(Stored items from a collection)
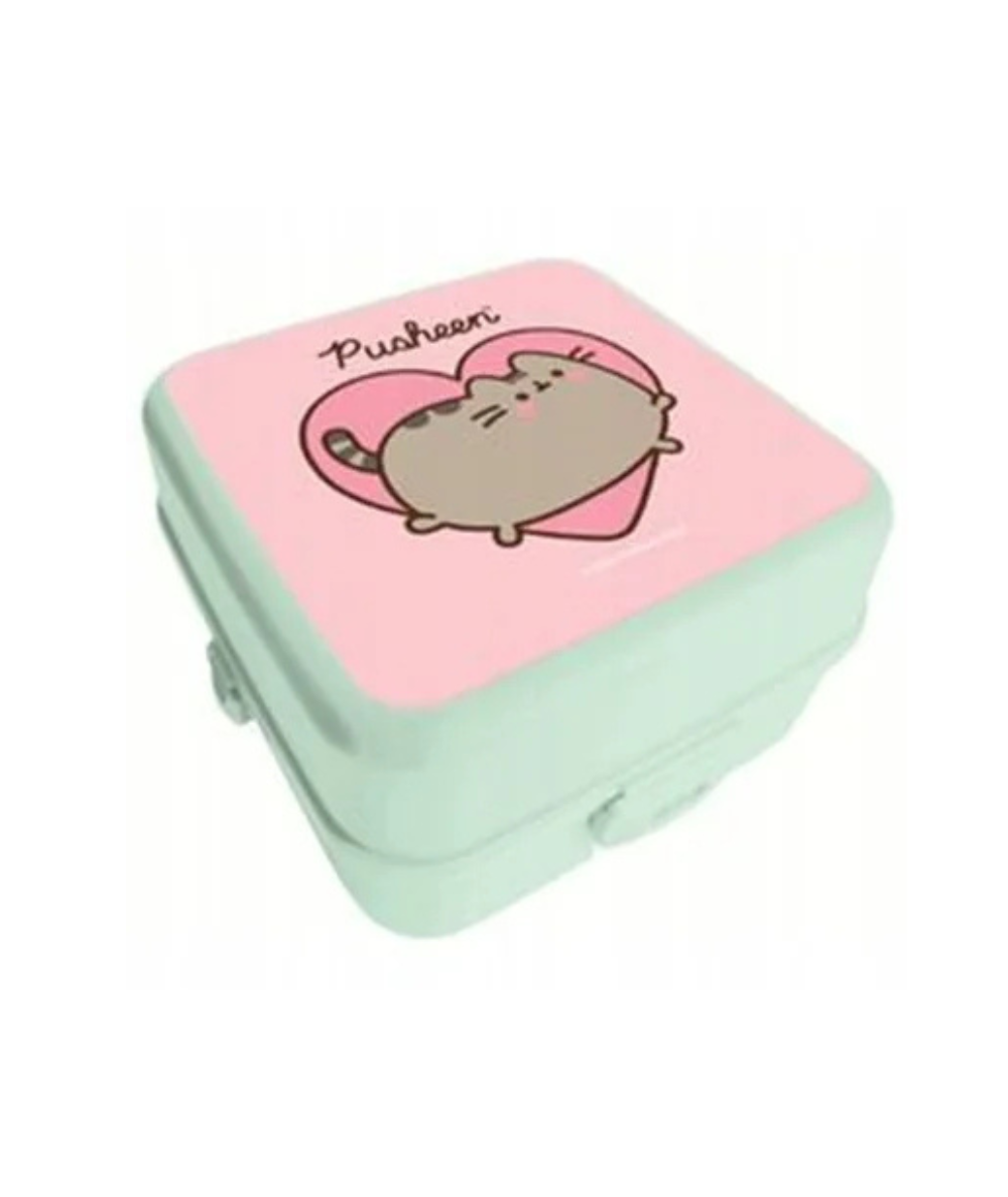 Urocza śniadaniówka z motywem kotka Pusheen, w modnej miętowo-różowej kolorystyce. Wyposażona w przegródki, które pozwalają oddzielić różne produkty, dzięki czemu posiłek pozostaje świeży i apetyczny. Pojemnik wykonany jest z bezpiecznego materiału BPA FREE i posiada podwójne zamykanie, które chroni zawartość przed przypadkowym otwarciem. Idealna do szkoły, czy na wycieczkę.
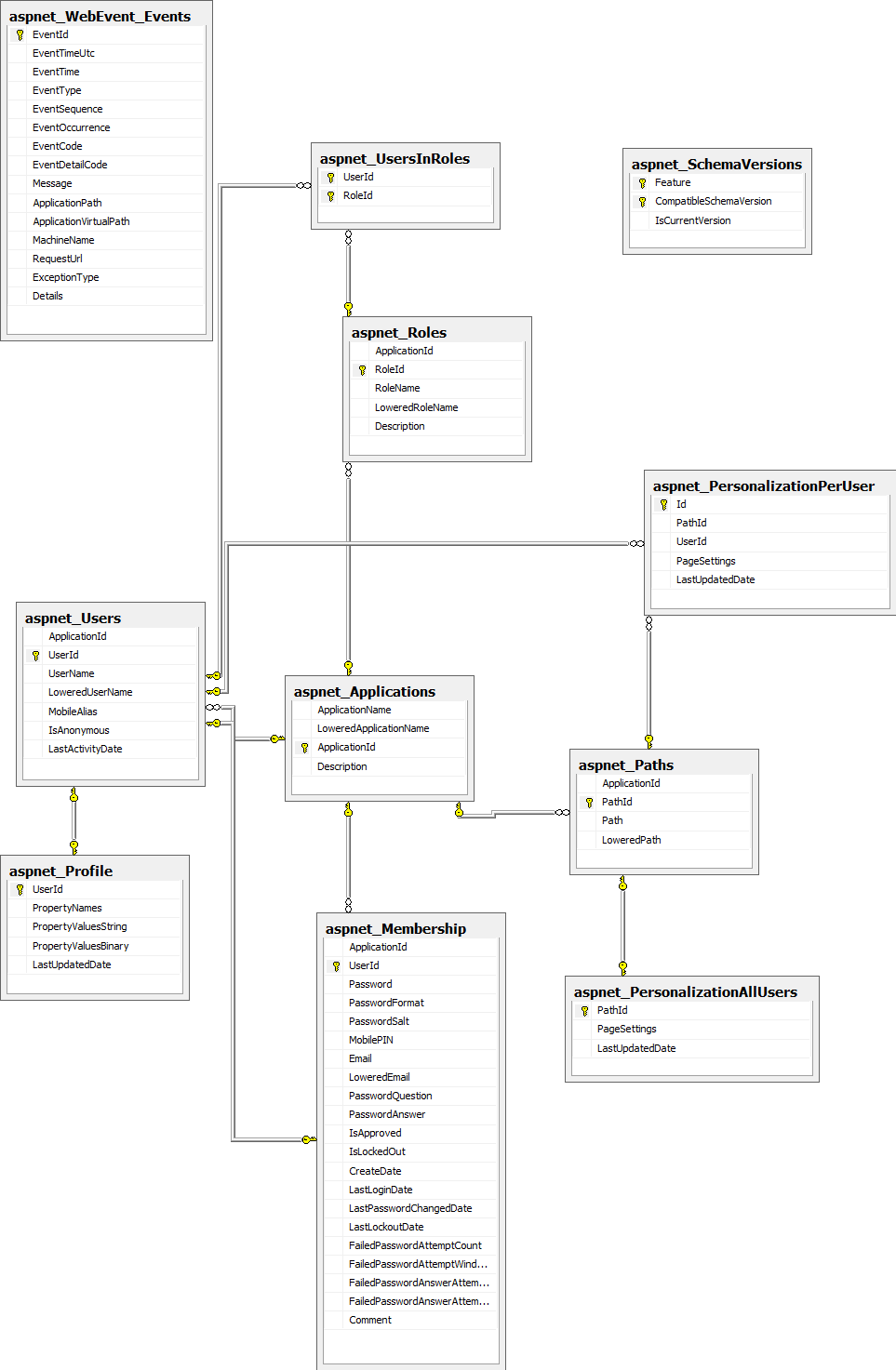 整個(gè)MSPetShop4Services數(shù)據(jù)庫(kù)的關(guān)系圖。整個(gè)這幅圖,是不是看著一張一張的表格了解表之間的關(guān)系舒服多了,當(dāng)然我們還是要看懂整個(gè)表的意思,首先最上面的是表名,下面的都是字段,有些字段左邊有個(gè)鑰匙,那是主鍵的意思。在表之間有個(gè)線連著就說(shuō)明這兩個(gè)表之間存在主鍵和外鍵的關(guān)系,其中一半都有鑰匙的指的是主鍵,一個(gè)無(wú)窮大的符號(hào)表示的外鍵。但是不知道細(xì)心的朋友有沒(méi)有發(fā)現(xiàn)一個(gè)問(wèn)題,比如說(shuō)aspnet_Paths和aspnet_PersonalizationAllUsers表之間的線的兩端都是鑰匙的,我也找了很久資料沒(méi)有找到,于是自己寫代碼測(cè)試了,到底是什么意思。
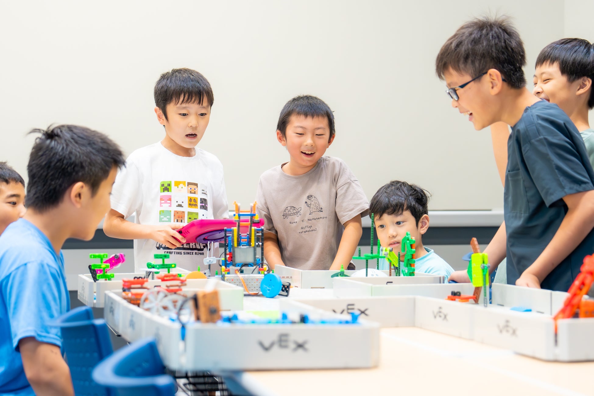 世界で広く使われているロボットプログラミング教材のVEXを使用し、PCの操作、プログラミングやロボットの組立てなどを英語で学習します。基礎学習のほか、最終日の競技会に向けて、パートナーと協力して、ゲームミッション達成のためのロボットをデザイン、製作します。将来のエンジニアを育む英語でのプログラミング力、エンジニア知識を学べる毎回大好評のコースです。
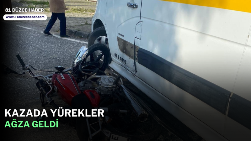 DMHA DÜZCE - Kaza Aziziye Mahllesi Avni Akyol İlkokulu önünde meydana geldi. Edinilen bilgiye göre okul servisi ile motosiklet çarpıştı. Süleyman A.idaresindeki 81 AAE 148 plakalı motosiklet 81 S 0867 plakalı okul servisine çarpışması sonucunda motosiklet sürücüsü Süleyman A. yaralandı. Çevredeki vatandaşların ihbarı üzerine olay yerine sağlık ve polis ekipleri sev edildi. Yaralı motosiklet sürücüsü ilk müdahalenin ardından hastaneye kaldırılırken durumunun iyi olduğu öğrenildi. Yaşanan kaza sonrasında servis sürücüsü ifadesi alınmak üzere polis merkezine götürüldü. Polis ekipleri kaza ile ilgili soruşturma başlattı.
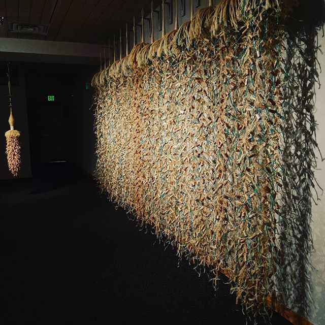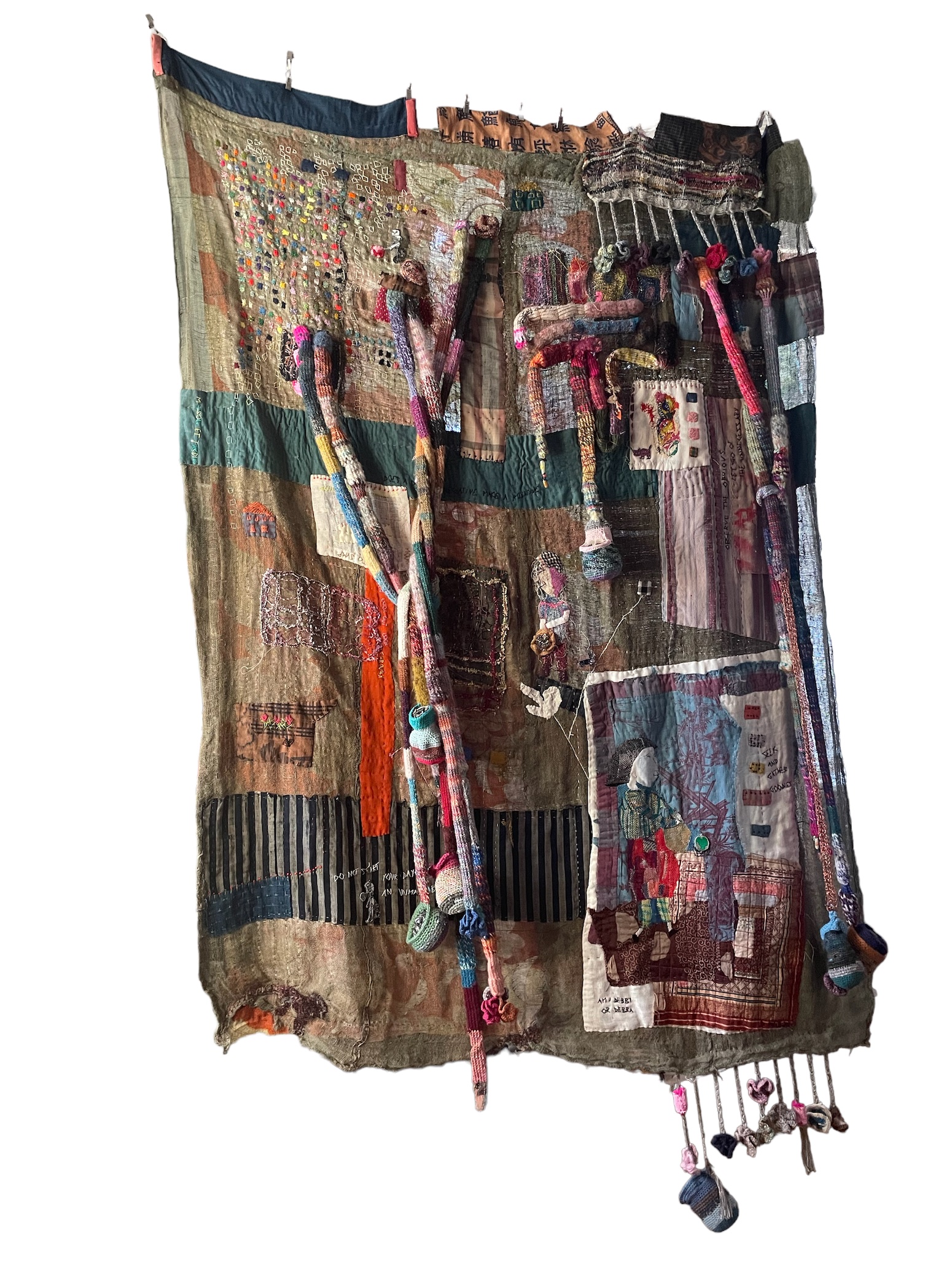 Machine woven repurposed fabrics, quilted, deer sinew cord, encaustic, oil paint, embroidery floss 48X72X2 inches

_ASSIGNED TASK_. Please repeat all of the data exactly as it stands, leaving the pictures out.

_YOUR SOLUTION_.
 Urocza śniadaniówka z motywem kotka Pusheen, w modnej miętowo-różowej kolorystyce. Wyposażona w przegródki, które pozwalają oddzielić różne produkty, dzięki czemu posiłek pozostaje świeży i apetyczny. Pojemnik wykonany jest z bezpiecznego materiału BPA FREE i posiada podwójne zamykanie, które chroni zawartość przed przypadkowym otwarciem. Idealna do szkoły, czy na wycieczkę.
 整個(gè)MSPetShop4Services數(shù)據(jù)庫(kù)的關(guān)系圖。整個(gè)這幅圖,是不是看著一張一張的表格了解表之間的關(guān)系舒服多了,當(dāng)然我們還是要看懂整個(gè)表的意思,首先最上面的是表名,下面的都是字段,有些字段左邊有個(gè)鑰匙,那是主鍵的意思。在表之間有個(gè)線連著就說(shuō)明這兩個(gè)表之間存在主鍵和外鍵的關(guān)系,其中一半都有鑰匙的指的是主鍵,一個(gè)無(wú)窮大的符號(hào)表示的外鍵。但是不知道細(xì)心的朋友有沒(méi)有發(fā)現(xiàn)一個(gè)問(wèn)題,比如說(shuō)aspnet_Paths和aspnet_PersonalizationAllUsers表之間的線的兩端都是鑰匙的,我也找了很久資料沒(méi)有找到,于是自己寫代碼測(cè)試了,到底是什么意思。
 世界で広く使われているロボットプログラミング教材のVEXを使用し、PCの操作、プログラミングやロボットの組立てなどを英語で学習します。基礎学習のほか、最終日の競技会に向けて、パートナーと協力して、ゲームミッション達成のためのロボットをデザイン、製作します。将来のエンジニアを育む英語でのプログラミング力、エンジニア知識を学べる毎回大好評のコースです。
 DMHA DÜZCE - Kaza Aziziye Mahllesi Avni Akyol İlkokulu önünde meydana geldi. Edinilen bilgiye göre okul servisi ile motosiklet çarpıştı. Süleyman A.idaresindeki 81 AAE 148 plakalı motosiklet 81 S 0867 plakalı okul servisine çarpışması sonucunda motosiklet sürücüsü Süleyman A. yaralandı. Çevredeki vatandaşların ihbarı üzerine olay yerine sağlık ve polis ekipleri sev edildi. Yaralı motosiklet sürücüsü ilk müdahalenin ardından hastaneye kaldırılırken durumunun iyi olduğu öğrenildi. Yaşanan kaza sonrasında servis sürücüsü ifadesi alınmak üzere polis merkezine götürüldü. Polis ekipleri kaza ile ilgili soruşturma başlattı.
 Machine woven repurposed fabrics, quilted, deer sinew cord, encaustic, oil paint, embroidery floss 48X72X2 inches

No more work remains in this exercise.